▸ **WHAT IS EXPECTED**
Please output the data exactly, minus pictures.

▸ **DATA SECTION**
[Start of section]
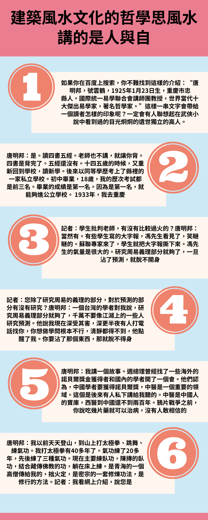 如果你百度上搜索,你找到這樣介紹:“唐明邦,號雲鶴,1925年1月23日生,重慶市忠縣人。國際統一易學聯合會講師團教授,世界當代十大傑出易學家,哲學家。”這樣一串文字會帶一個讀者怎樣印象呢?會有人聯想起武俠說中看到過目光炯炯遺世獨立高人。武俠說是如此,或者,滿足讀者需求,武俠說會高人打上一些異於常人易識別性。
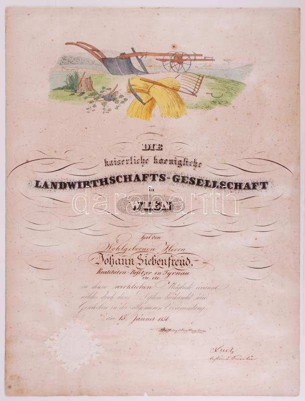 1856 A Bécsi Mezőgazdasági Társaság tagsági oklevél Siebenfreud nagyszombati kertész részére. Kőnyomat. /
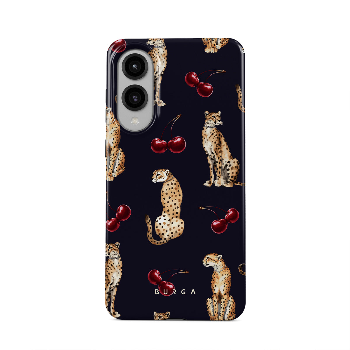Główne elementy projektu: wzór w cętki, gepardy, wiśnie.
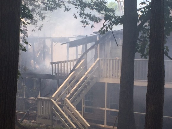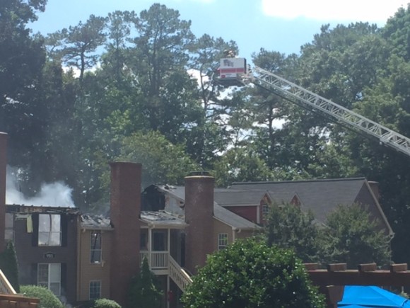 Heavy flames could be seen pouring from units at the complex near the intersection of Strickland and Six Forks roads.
[End of section]
▸ **SOLUTION TO THE EXERCISE**
 如果你百度上搜索,你找到這樣介紹:“唐明邦,號雲鶴,1925年1月23日生,重慶市忠縣人。國際統一易學聯合會講師團教授,世界當代十大傑出易學家,哲學家。”這樣一串文字會帶一個讀者怎樣印象呢?會有人聯想起武俠說中看到過目光炯炯遺世獨立高人。武俠說是如此,或者,滿足讀者需求,武俠說會高人打上一些異於常人易識別性。
 1856 A Bécsi Mezőgazdasági Társaság tagsági oklevél Siebenfreud nagyszombati kertész részére. Kőnyomat. /
Główne elementy projektu: wzór w cętki, gepardy, wiśnie.
 Heavy flames could be seen pouring from units at the complex near the intersection of Strickland and Six Forks roads.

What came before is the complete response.